Sponges, cnidarians, annelids, vertebrates, arthropods, echinoderms, molluscs, and a large diversity of obscure “worms” and tiny meiofaunal organisms make up the Metazoa Haeckel 1874, the group more commonly known as “animals”. But with the enormous diversity of unicellular and multicellular eukaryotes, what are the features that set animals apart from the rest of biology? If you extract some strange, never-before-seen organism from between marine sand grains, how can you determine whether or not this is an animal or just a colonial clump of some unicellular eukaryote?
There are several metazoan autapomorphies, unique characteristics that set animals apart and that are considered to be in the ground plan of the animals:
- Multicellular organism.
- Tight junctions between cells.
- An extracellular matrix containing collagen.
- Oogensis, spermiogenesis.
- Radial cleavage leading to blastula formation.
All animals are truly multicellular, and several of their autapomorphies have to do with this trait.
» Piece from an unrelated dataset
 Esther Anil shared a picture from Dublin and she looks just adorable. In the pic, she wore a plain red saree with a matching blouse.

Tight junctions, technical name zonulae occludens, are where the cell membranes of the multicellular animal meet. The membranes pseudo-fuse together using special protein complexes, thus stopping chemical exchange from the outside to beneath the cells (in the diagram: from the apical to the basolateral side). This set-up can then easily be extrapolated to tissues or organs – although note that true cell-cell interactions required for organ function are not a feature found at the base of the Metazoa (e.g. sponges have no organs or epithelia), so tight junctions are just an important prerequisite.
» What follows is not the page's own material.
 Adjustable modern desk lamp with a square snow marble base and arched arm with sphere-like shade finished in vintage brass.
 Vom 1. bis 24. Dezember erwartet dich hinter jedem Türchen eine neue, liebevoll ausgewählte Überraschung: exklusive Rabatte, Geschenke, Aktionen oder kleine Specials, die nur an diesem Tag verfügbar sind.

The other major feature related to multicellularity is the evolution of the extracellular matrix (ECM) – if you ever find that strange unknown organism from the opening paragraph, your first order of the day is to look for ECM, because if it’s there, you definitely have an animal on your hands. In most animals, the ECM is just a thin fluid layer between cells, although there are exceptions: the sponge mesohyl that makes up most of the sponge body, and the jellyfish mesoglea (“bell”), are both relatively huge cavities that are filled with ECM.
ECM is is a cocktail of water, fibrils (collagen, elastin, chitin), and glycoproteins (fibronectin, laminin). It’s produced by the cell and excreted into the body where it performs a variety of functions, as the diagram above notes. Its most important function in our context is that holds cells together, thereby making sure that the animal isn’t just a clump of aggregated cells, but a truly integrated organism.
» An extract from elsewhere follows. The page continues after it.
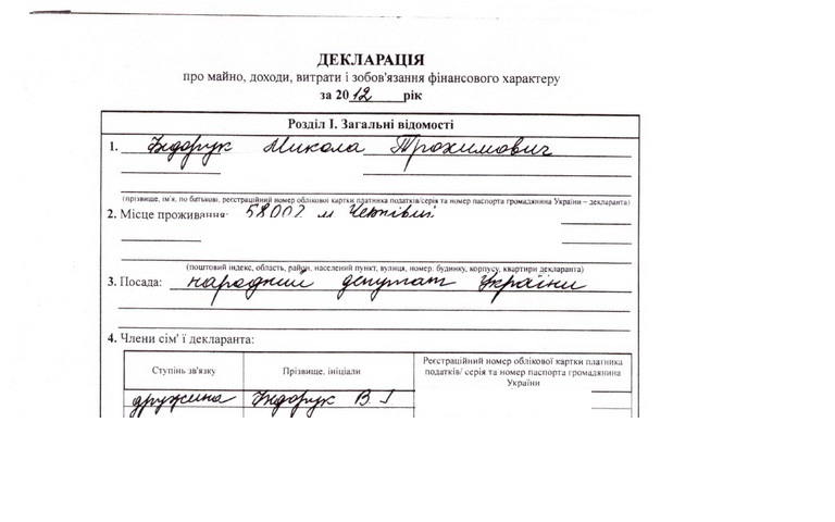 Відповідно до статті 12 Закону України «Про запобігання і протидії корупції» народний депутат України Микола Федорук подав декларацію про майно, доходи, витрати і зобов’язання фінансового характеру за 2012 рік. На відміну від керівників Чернівецької області, які показали лише виклад декларації, нардеп оприлюднив також фотокопії документів.

I already discussed how a system consisting of sperm and egg theoretically evolves in this post. The animalian autapomorphy here isn’t quite the sperm and egg, but the processes behind their formation: oogenesis and spermiogenesis. Oogenesis, diagrammed above, leads to the formation of one egg and three degenerate, plasma-poor polar bodies. Spermiogenesis starts from one spermatocyte and finishes off with four fully-functioning sperms. Both of these are conserved across all animals, so it’s reasonable to conclude that they’re typical animalian features. However, do note that having gonads (penis, vagina, cloaca) is not necessary. Many animals, including basal ones, don’t have any, and just release their gametes freely into the ocean through a pre-existing water canal (e.g. in sponges) or pore (e.g. the urogenital pore of priapulids).
Haeckel E. 1874. Die Gastrea-Theorie, die phylogenetische Klassifikation des Tierreichs, und die Homologie der Keimblätter. Jenaische Zeitschrift für Naturwissenschaft 8, 1-55.
Rozario T & DeSimone DW. 2010. The extracellular matrix in development and morphogenesis: A dynamic view. Developmental Biology 341, 126-140.